Les Belles de Londres, Tome 1 : L'Amazone du Sussex de Mimi Matthews

 

 

 

Issue d'une famille éclaboussée par un scandale, Evelyn Malravers sait que personne ne l'attend à Londres pour la saison. Comment trouver le beau parti qui lui permettra d'assurer l'avenir des siens ? En se servant de ses deux passions : les chevaux et la mode. Oui, elle va se distinguer en devenant la plus éblouissante de ces belles écuyères qui paradent chaque jour dans Hyde Park ! Pour cela, il lui faut l'aide de celui qui habille les amazones les plus élégantes de la capitale : Ahmad Malik, un métisse indien au charisme troublant. À eux deux, ils vont conquérir la ville, trouver le succès, et peut-être bien plus encore...




 

 
 
 
 
 

Londres, Angleterre, mars 1862

Evelyne Malravers entra dans la boutique faiblement éclairée de Conduit Street. Une enseigne modeste, au-dessus de la porte, annonçait les noms et profession des propriétaires : MM. Doyle & Heppenstall, tailleurs. L’intérieur de la boutique était tout aussi modeste. À la lueur diffuse des appliques au gaz, elle vit deux profonds fauteuils de cuir, un miroir à trois faces et un haut comptoir d’acajou. Derrière celui-ci, s’alignaient des étagères chargées de rouleaux d’étoffes de qualité, dans de sobres tons de noir, marron et bleu.

Il était 18 h 45. Quasiment l’heure de la fermeture. Venant de l’arrière-salle, le murmure d’une profonde voix masculine filtrait à travers l’ouverture, fermée d’un rideau, qui séparait les deux pièces.

Le pouls d’Evelyne s’accéléra. La boutique d’un tailleur était un domaine masculin, où la présence d’une femme était aussi rare qu’inopportune. Mais ce n’était pas ce qui l’arrêterait. La tête haute, elle s’approcha du comptoir et agita la clochette.

La voix se tut dans l’arrière-salle. Quelques secondes plus tard, un mince gentleman aux cheveux blancs écarta le rideau. Il avait les yeux chassieux et le dos courbé, comme s’il avait passé sa vie entière penché sur une table de travail.

Puis-je vous renseigner, madame ? demanda-t-il d’une voix aussi fluette que sa silhouette.

Je vous remercie. J’aimerais parler à M. Doyle, s’il vous plaît.

Je suis M. Doyle.

La déception d’Evelyn fut grande. Elle s’était attendue à rencontrer un prince de la mode, un visionnaire, un homme aux doigts d’or. Mais le vieux monsieur qui se trouvait devant elle ne paraissait ni à la mode ni particulièrement habile de ses dix doigts. Qu’il avait au demeurant noueux, et agités de tremblements.

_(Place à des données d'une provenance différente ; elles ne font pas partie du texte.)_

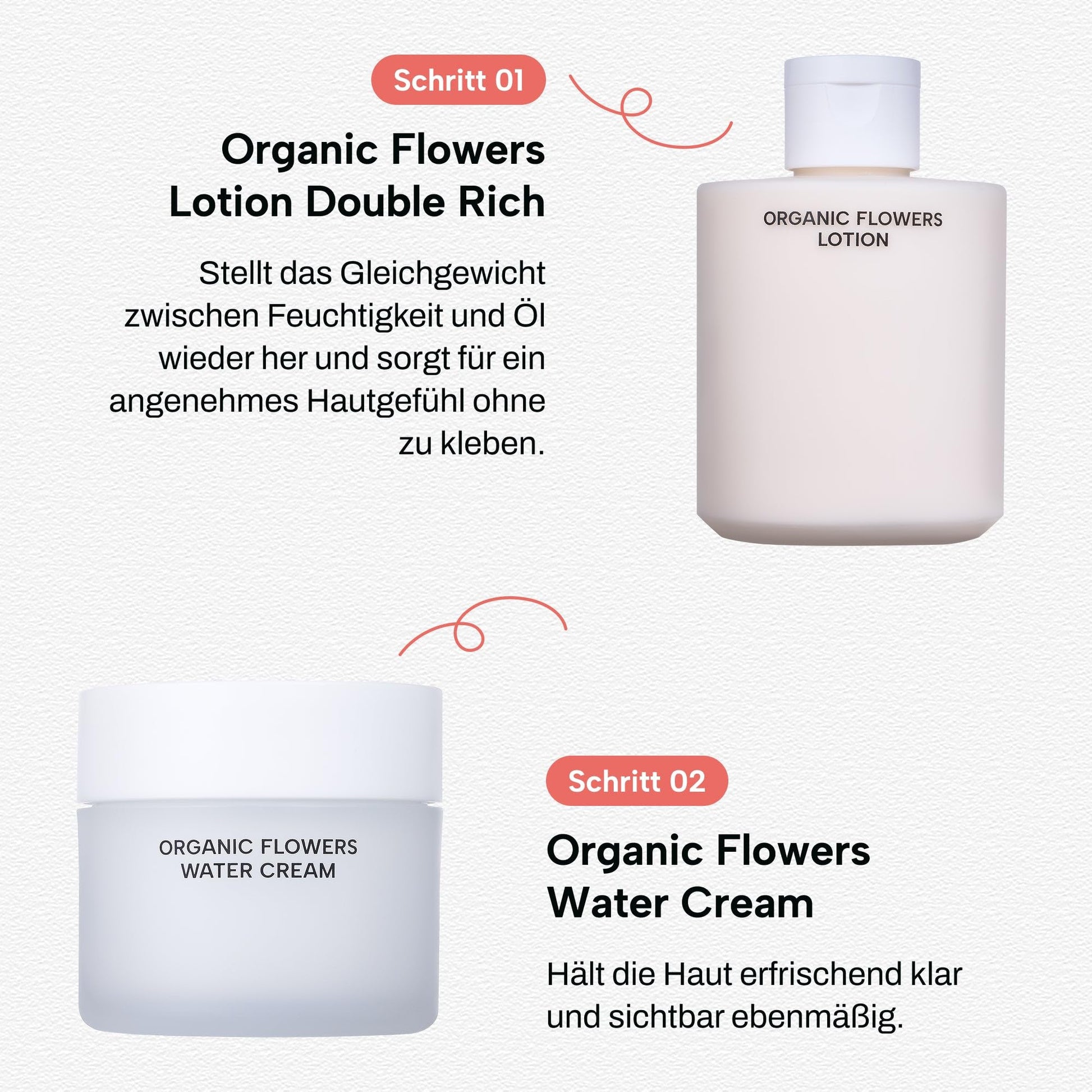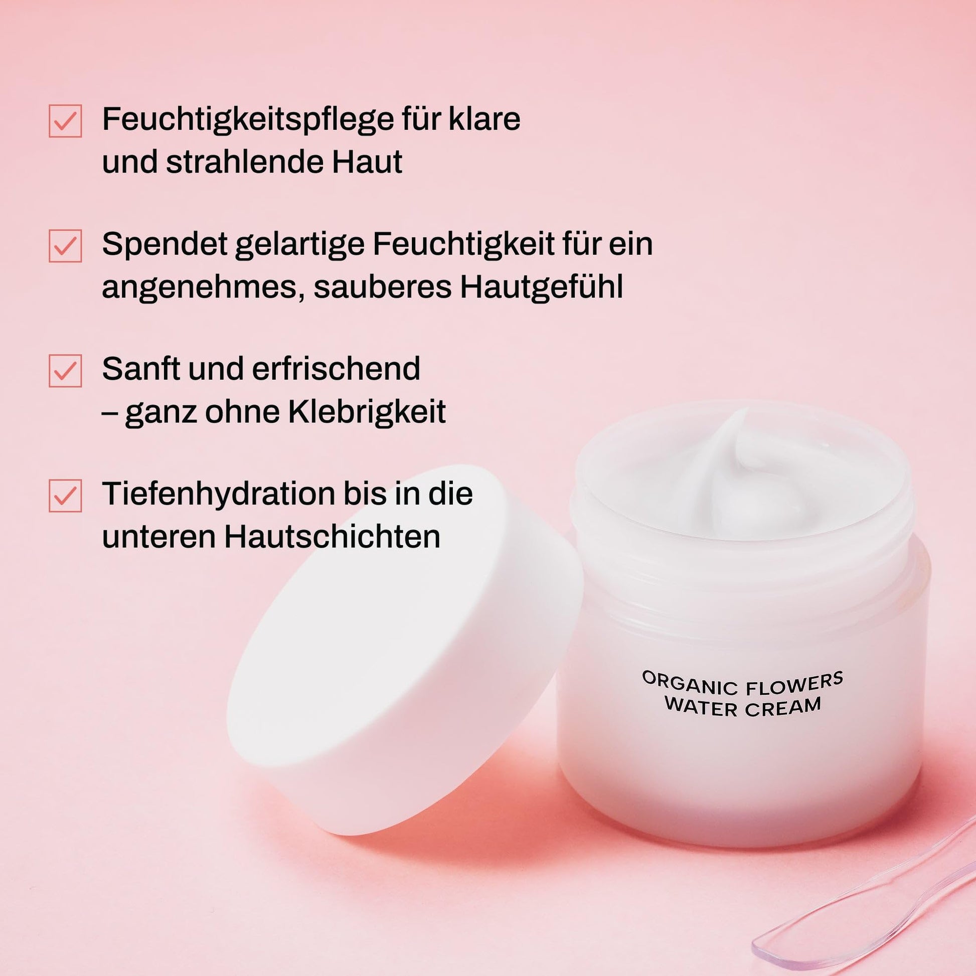 Whamisa Organic Flowers Water Cream, 95.2% Organic, Waterless Formula, Fermented Postbiotic for Deep Hydration & Soothing, Moisturizing (50ml)

Puis une pensée lui redonna espoir.

Et M. Heppenstall ? Est-il présent ?

M. Heppenstall est décédé l’automne dernier.

Oh…

Nouvelle déception. La voix profonde derrière le rideau devait appartenir à un employé.

Puis-je vous aider d’une manière ou d’une autre ? reprit M. Doyle avec une pointe d’impatience.

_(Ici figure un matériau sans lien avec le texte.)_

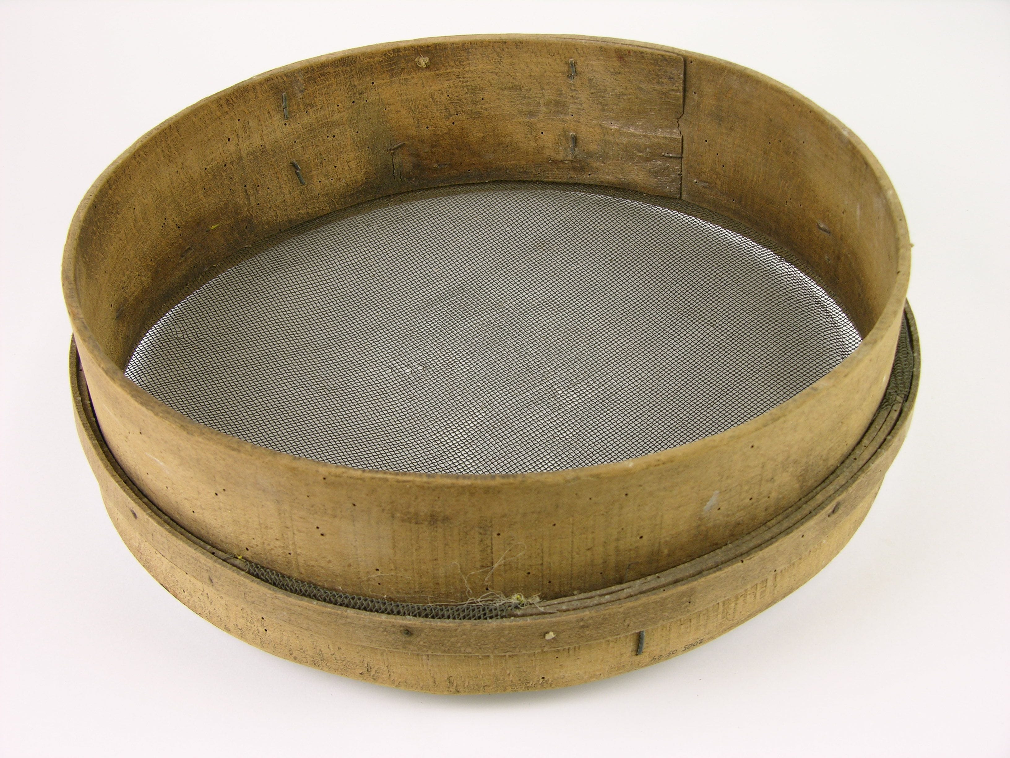 Meelzeef, materiaal: hout en ijzergaas, hoogte 10cm, diameter 38,5 cm
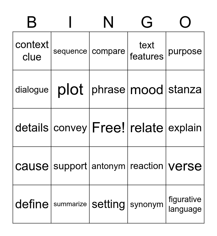 This bingo card has a free space and 34 words: similarities, synonym, prefix, opinion, cause, plot, purpose, define, sequence, theme, phrase, compare, effect, suffix, relate, stanza, summarize, details, support, reaction, antonym, character traits, context clue, explain, setting, figurative language, text features, infer, mood, dialogue, character, convey, verse and excerpt.

Evelyne se rappela que les apparences pouvaient être trompeuses. Un fait qui s’appliquait à elle en premier lieu. Qui sait, ce tailleur âgé était peut-être capable d’accomplir des prodiges avec une aiguille et du fil.

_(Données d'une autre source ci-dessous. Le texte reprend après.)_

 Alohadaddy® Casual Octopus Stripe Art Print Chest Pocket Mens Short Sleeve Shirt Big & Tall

Je l’espère sincèrement. Voyez-vous…

Elle assura plus fermement ses lunettes cerclées d’argent sur son nez, avant de continuer.

Vous m’avez été recommandé par… une amie.

Ce n’était pas entièrement la vérité, mais pas non plus un mensonge au sens strict.

Il haussa ses épais sourcils blancs.

Une de mes clientes ?

Effectivement. J’aimerais commander une tenue d’équitation.

Quand il posa un regard dubitatif sur ses lunettes, puis sur sa mise discrète, Evelyne éprouva une gêne inattendue.